"[solved] struggling with word list feature"
sana
New Altair Community Member
Hi,
Can anyone help me please. am struggling with the text processing section. am able to tokenize but never get any results as far as creating a word frequency list is concerned. it can't be that difficult as there are lots of preliminary software in the web for calculating word frequency lists.
the only thing that has worked so far for me is the process documents from files command, that too, showcases results of only one of the two directories i chose.
just now i did the process documents command again with a mix of things - tokenize, transform cases and filtering english stopwords - but no output - here is the process flow - i don't have any programming background so just following the way other posts have been filed.

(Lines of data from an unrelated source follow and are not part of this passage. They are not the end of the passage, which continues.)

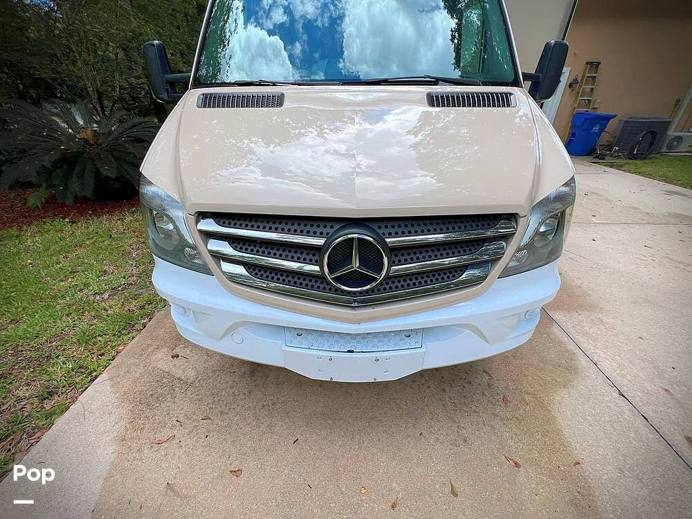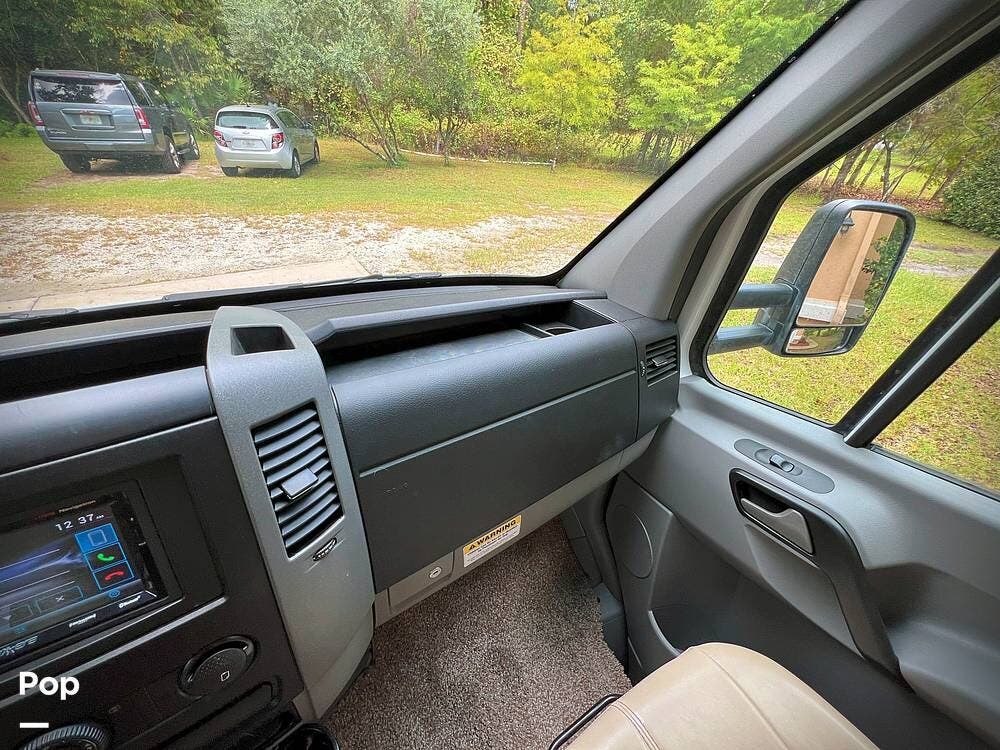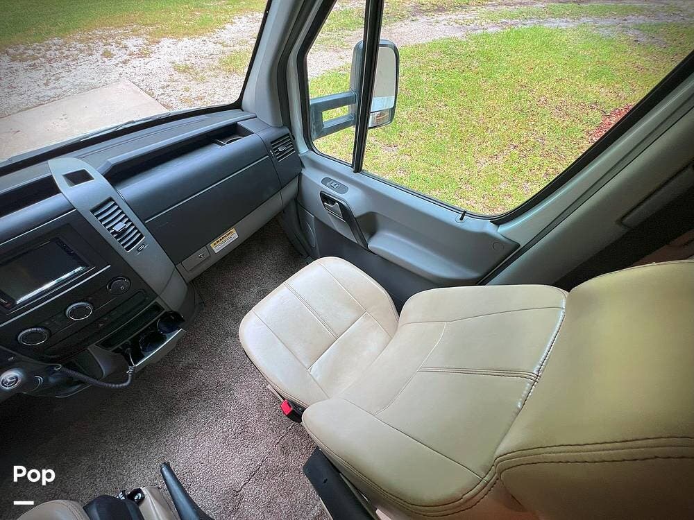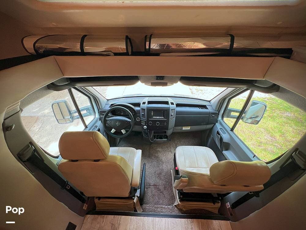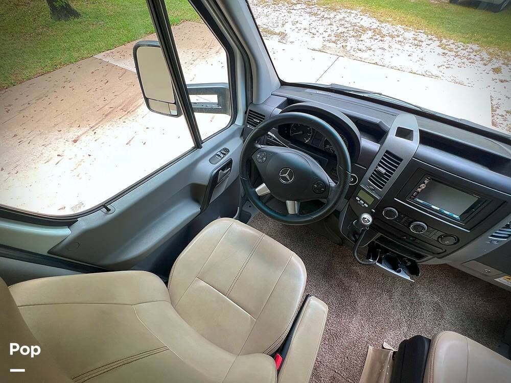 Behind the wheel, you immediately feel the refinement of the Mercedes platform. The cockpit is equipped with supportive captain's chairs that swivel to face the living space, and the dash features a modern infotainment system with navigation, touchscreen controls, and a backup camera, making long drives both safe and enjoyable.
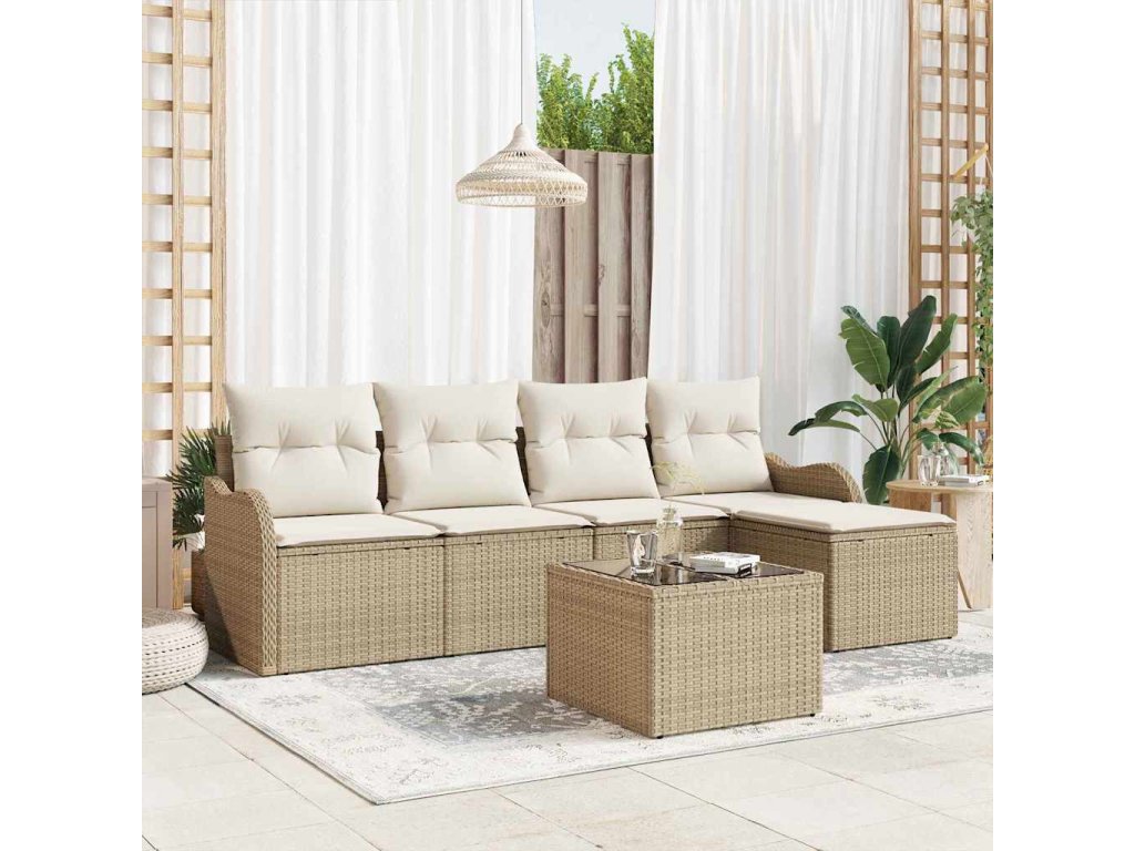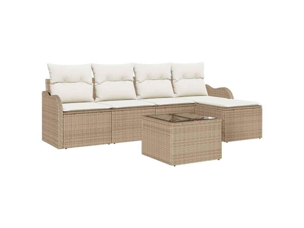 Sada zahradních pohovek s polštářem 6 pcs Hnědá Poly ratan 3354340
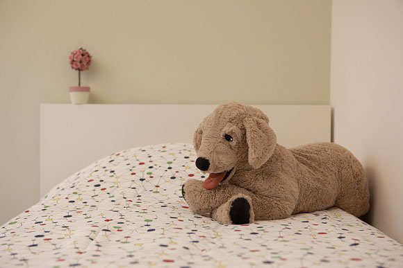主卧室同样承袭简约风,窗帘用的是银灰色系,和一旁吊灯的质感相呼厅,营造出浪漫静谧的休憩氛围。床边一景展现淡雅气质,灰色配上银色的饰品呈现精致的质感。男孩房调性自然简单,用莱姆绿活泼的色彩搭配小男孩开朗的个性。女孩房素雅温馨兼具收纳功能,实用又美观。
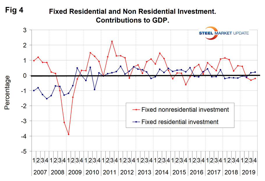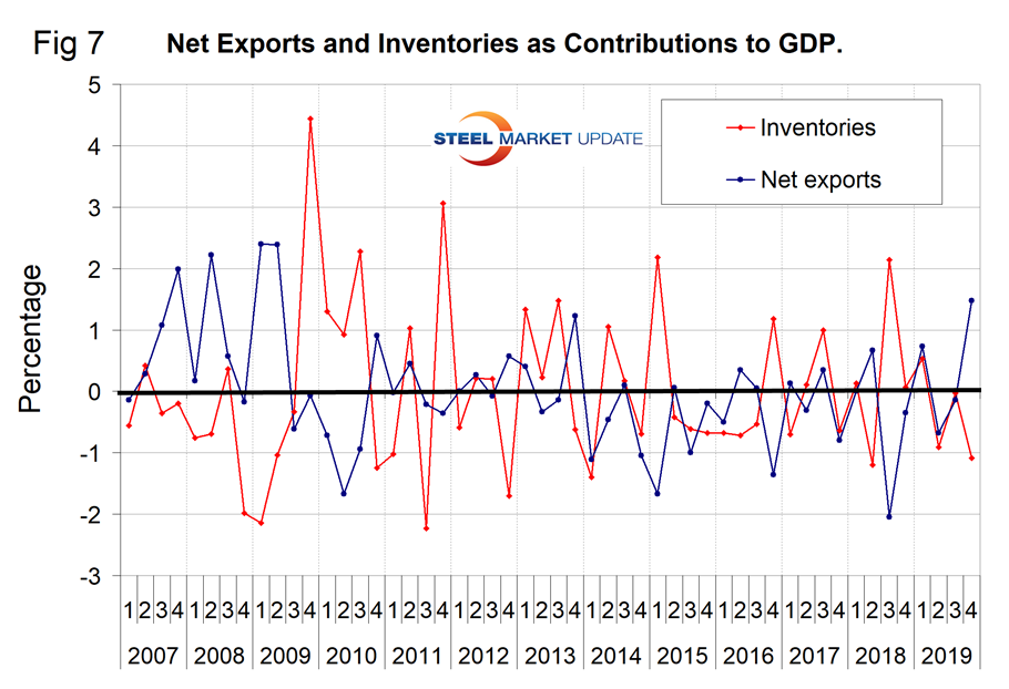 SMU Comment: On a trailing 12-month basis, GDP growth has declined from 3.2 percent in Q2 2018 to 2.32 percent in Q4 2019. We think is the best way to look at this data because the headline quarterly result can be highly volatile. The fourth-quarter result was unusual because the contribution of net exports was the highest since Q2 2009. Figure 7 isolates the contribution of net exports and inventories. There seems to be a strong tendency for these to bail each other out and to make the headline quarterly result more stable than it otherwise would be.
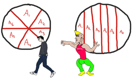 Hace ya dos años, en una sesión de procrastinación incitada por el algoritmo de YouTube, me tropecé con un vídeo que me hizo especial gracia, cuyo título es exactamente el mismo que el de este post, pero en inglés. En el vídeo, un chico explicaba la forma correcta de cortar una pizza, la forma que un auténtico chad usaría, haciendo cortes verticales, en vez de radiales, pero asegurándose de que el área delimitada por cada uno sea la misma. Aunque nunca terminé de verlo, la idea se ha quedado grabada en mi backlog mental, así que vamos a explorarla.
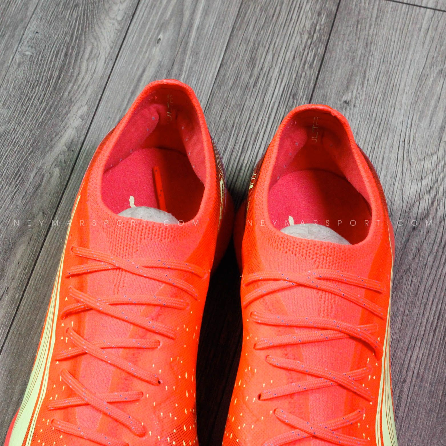 PUMA Ultra Ultimate Cage TF Fearless - Fiery Coral/Fizzy Light/PUMA Black là mẫu giày cao cấp dành cho sân cỏ nhân tạo 5-7 người. Với thiết kế gam màu chính thức của The Fearless là “Fiery Coral / Fizzy Light / Puma Black”. Với “Fizzy Light” xuất hiện trên nền “Fiery Coral”. Logo thương hiệu trên bàn chân trước và gót chân cũng thể hiện theo cùng một điểm nhấn “Fizzy Light”, đảm bảo một cái nhìn độc đáo.
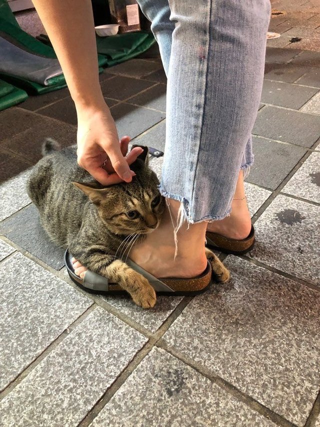 우리동네 고양이 발에 탑승함
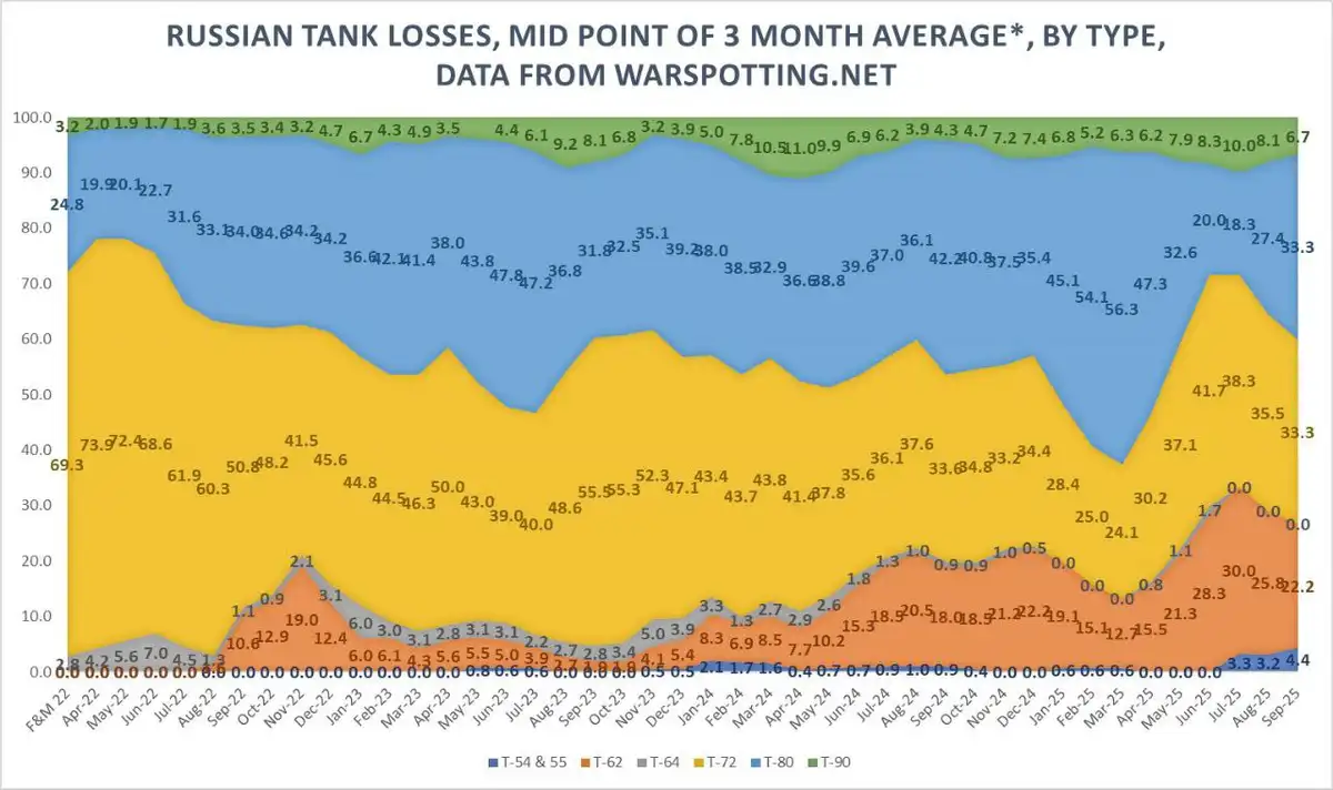 В частности, Т-72 и Т-80 — каждый из этих типов занимает примерно по трети от общего числа потерь.
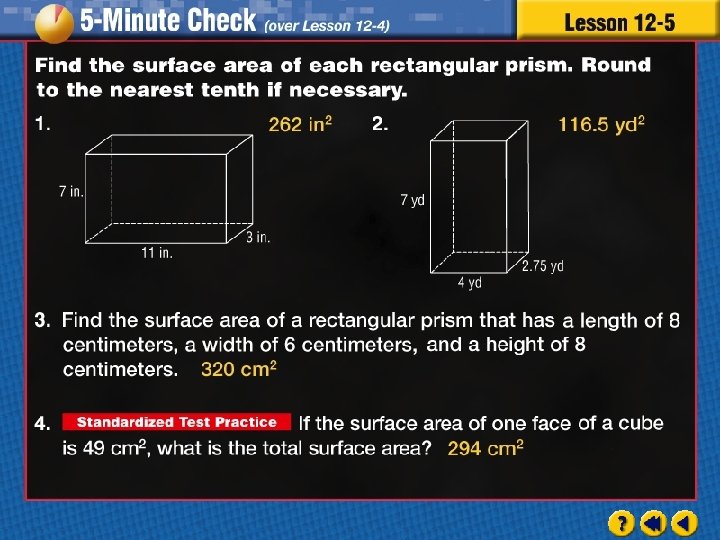 BOXES Drew is putting together a cardboard box that is 9 inches long, 6 inches wide, and 8 inches high. He bought a roll of wrapping paper that is 1 foot wide and 3 feet long. Did he buy enough to wrap the box? Explain. Step 1 Find the surface area of the box. Step 2 Find the area of the wrapping paper. 1 ft 3 ft area Answer: Since 432 > 348, Drew bought enough wrapping paper.
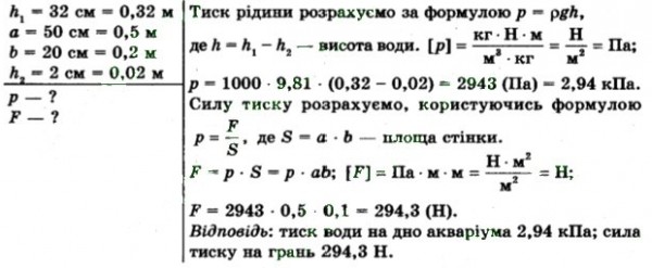 тиск води на дно акваріума та вагу води. З якою силою вода
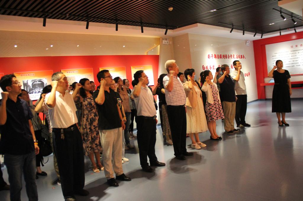 参观结束后,全体参观人员在领誓人李楠书记的带领下,面对党旗举起右拳,重温了入党誓词。
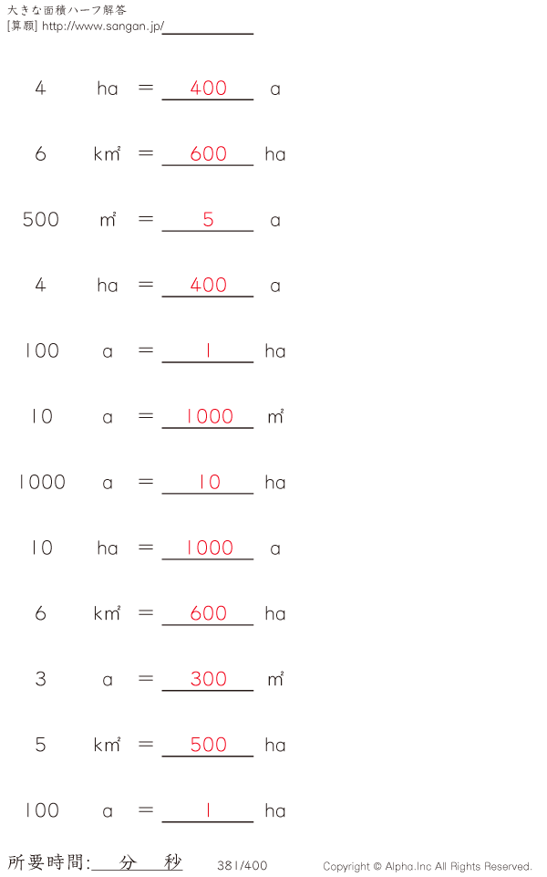 大きな面積・アール・ヘクタール@12 [解答]381/400
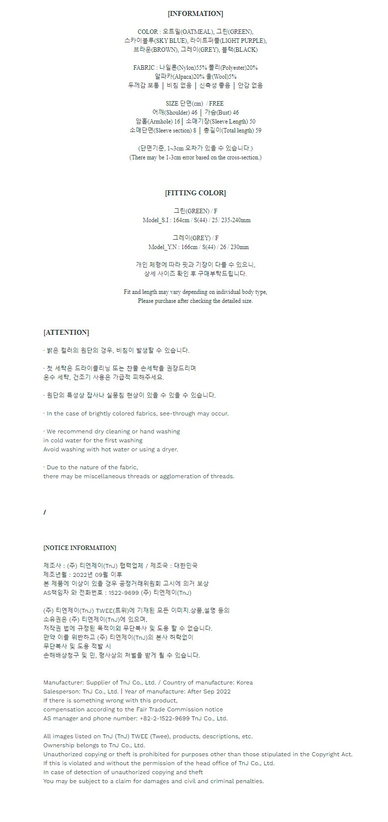 - 價格、賣家、換貨/退貨及配送等與商品本身無關的咨詢請使用客服中心的1:1咨詢。
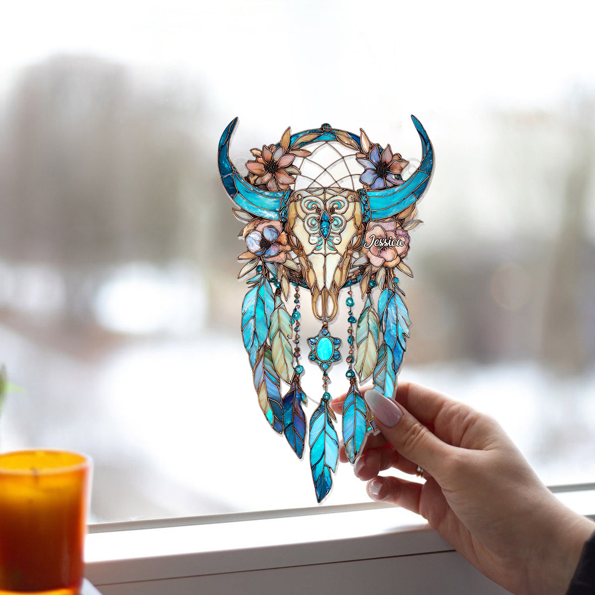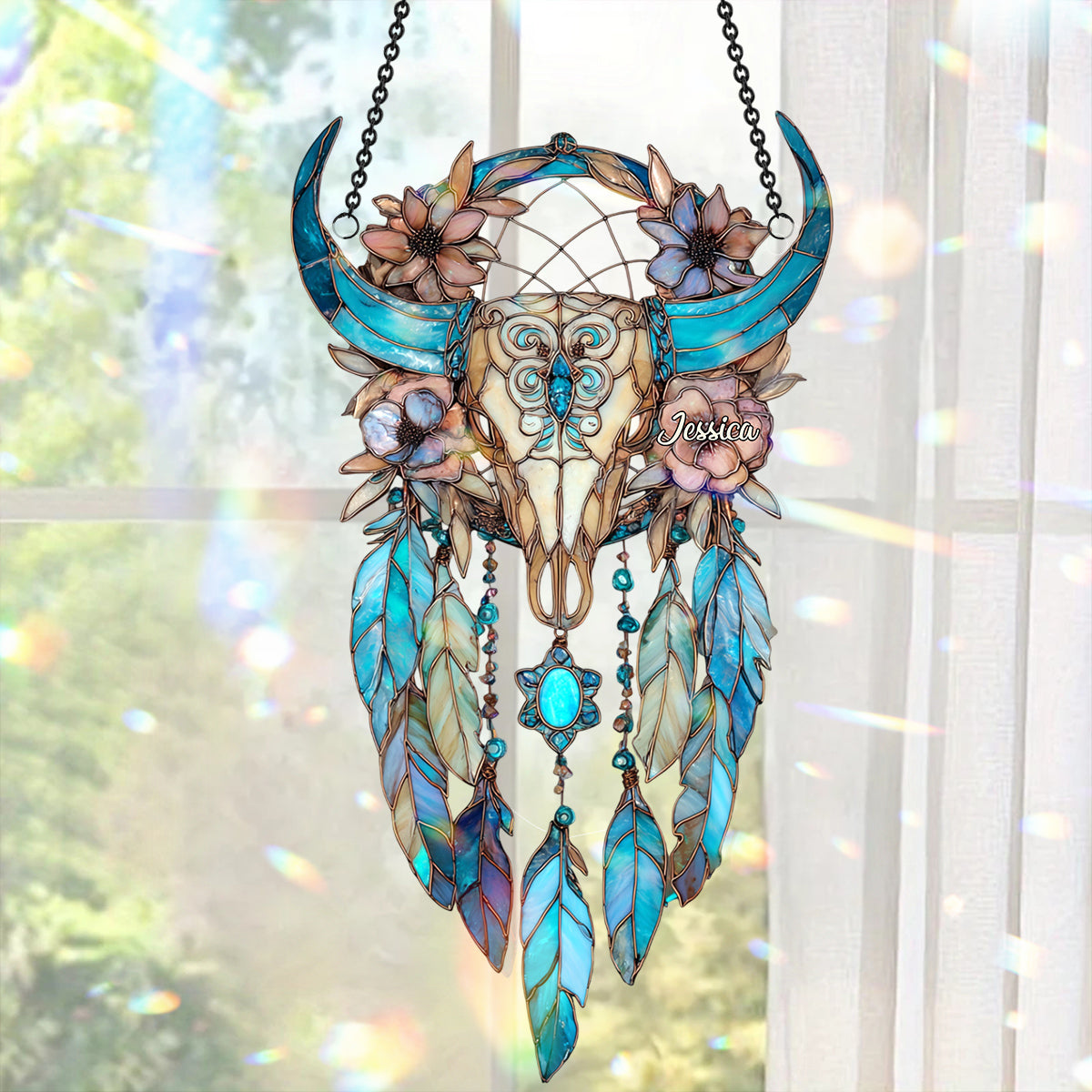 Floral Bull Skull - Personalized Cowgirl Window Hanging Suncatcher Ornament

hope someone can help me out here.
<?xml version="1.0" encoding="UTF-8" standalone="no"?>
<process version="5.1.014">
<context>
<input/>
<output/>
<macros/>
</context>
<operator activated="true" class="process" compatibility="5.1.014" expanded="true" name="Process">
<parameter key="logfile" value="C:\Users\user3\Desktop\dir text\5.txt"/>
<parameter key="resultfile" value="C:\Users\user3\Desktop\dir text\New Text Document.txt"/>
<process expanded="true" height="100" width="145">
<operator activated="true" class="text:process_documents" compatibility="5.1.004" expanded="true" height="76" name="Process Documents" width="90" x="45" y="30">
<process expanded="true" height="414" width="762">
<operator activated="true" class="text:tokenize" compatibility="5.1.004" expanded="true" height="60" name="Tokenize" width="90" x="31" y="27"/>
<operator activated="true" class="text:transform_cases" compatibility="5.1.004" expanded="true" height="60" name="Transform Cases" width="90" x="181" y="26"/>
<operator activated="true" class="text:filter_stopwords_english" compatibility="5.1.004" expanded="true" height="60" name="Filter Stopwords (English)" width="90" x="345" y="25"/>
<connect from_port="document" to_op="Tokenize" to_port="document"/>
<connect from_op="Tokenize" from_port="document" to_op="Transform Cases" to_port="document"/>
<connect from_op="Transform Cases" from_port="document" to_op="Filter Stopwords (English)" to_port="document"/>
<connect from_op="Filter Stopwords (English)" from_port="document" to_port="document 1"/>
<portSpacing port="source_document" spacing="0"/>
<portSpacing port="sink_document 1" spacing="0"/>
<portSpacing port="sink_document 2" spacing="0"/>
</process>
</operator>
<connect from_op="Process Documents" from_port="example set" to_port="result 1"/>
<connect from_op="Process Documents" from_port="word list" to_port="result 2"/>
<portSpacing port="source_input 1" spacing="0"/>
<portSpacing port="sink_result 1" spacing="0"/>
<portSpacing port="sink_result 2" spacing="0"/>
<portSpacing port="sink_result 3" spacing="0"/>
</process>
</operator>
</process>
Can anyone help me please. am struggling with the text processing section. am able to tokenize but never get any results as far as creating a word frequency list is concerned. it can't be that difficult as there are lots of preliminary software in the web for calculating word frequency lists.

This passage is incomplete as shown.